Planned on-site amenities include a peer counselor, job training services, a computer lab and some type of rooftop gardening program that will provide tenants with access to free vegetables, according to Carole Gordon, senior vice president for housing development at The Bridge.

"We’ll be doing a horticultural training program with the Horticultural Society of New York, which is something we’ve been doing for a number of years," she said. "Behind several of our residential buildings, we develop gardens and farms. The idea of providing vocational training is key."

Gordon described finding jobs for veterans as a very challenging endeavor.

"They’re coming out of the armed forces with a set of problems that are difficult," she said, "and there are just not enough jobs."

Veterans will pay 30 percent of their income in rent and be referred to the building through NYCHA, the Department of Homeless Services or other outreach organizations, Gordon said.

This will not be The Bridge's first experience housing veterans, as the group opened up a building earlier this year at 183rd Street and Bathgate Avenue that houses 17 formerly homeless vets.

Although DHS estimates that there are 1,300 homeless veterans currently living in New York City, Gordon said she was very pleased with what the city had done to attempt reducing this number.

"Trying to find veterans to fill the beds will be a major challenge," she said. "I know that that sounds ridiculous, but as I said, there has been a huge push, especially in New York City, to provide housing for homeless veterans."

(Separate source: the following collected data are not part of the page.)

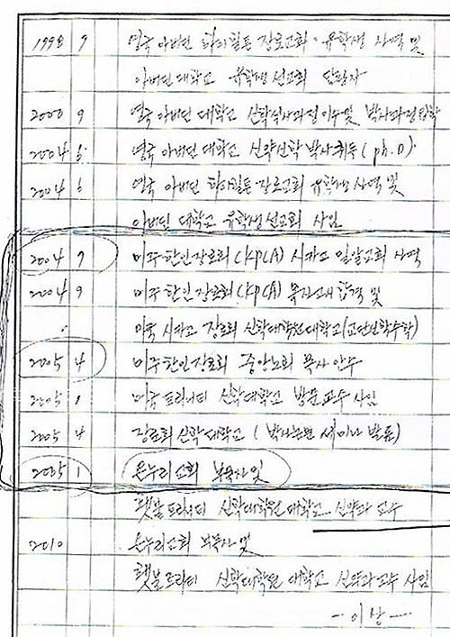 이상인 목사가 작성한 자필 이력서. 미국에서 사역을 시작한지 2개월 만에 목사고시에 합격했고, 1년도 안 돼 안수를 받았다는 내용이 들어가 있다.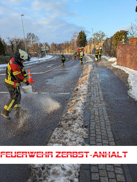 Wir wurden wegen einer Dieselspur auf der B 184 alarmiert. Auf der Roßlauer Straße direkt vor der Kreuzung Marcellstraße fanden wir eine größere Dieselpfütze vor. Durchfahrende Fahrzeuge hatten den Diesel bereits im Kreuzungsbereich und über etwa 100 Meter auf der Fahrbahn verteilt.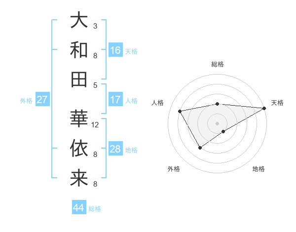 大和田 華依来さんの天格は16画の5点

The affordable housing complex, a project of Phipps Houses, The Briarwood Organization and CPC Resources, would be a 12-story building with seven studio apartments, 87 one-bedrooms, 97 two-bedrooms and 11 three-bedrooms, as well as 8,000 square feet of retail or community space on the ground floor.

Michael Wadman, vice president of real estate development at Phipps, said members were still trying to figure out what type of shop would be best.

"Certainly a pharmacy type of store would be welcome, or [a] restaurant," he said. "We look for as high quality tenants as we can find, so hopefully we’ll find someone good."

Proposed rents range from $491 for a studio to $1,566 for a three-bedroom—although these numbers may change before the building opens—and maximum annual incomes range from $23,492 to $87,256.

Tenants would be selected through a lottery administered by the Department of Housing Preservation and Development, Wadman said.

The building would cost roughly $75 million, and leaders on both projects anticipate starting construction this summer and finishing roughly two years later.

"It will be great additional housing," Wadman said. "The block is pretty desolate now."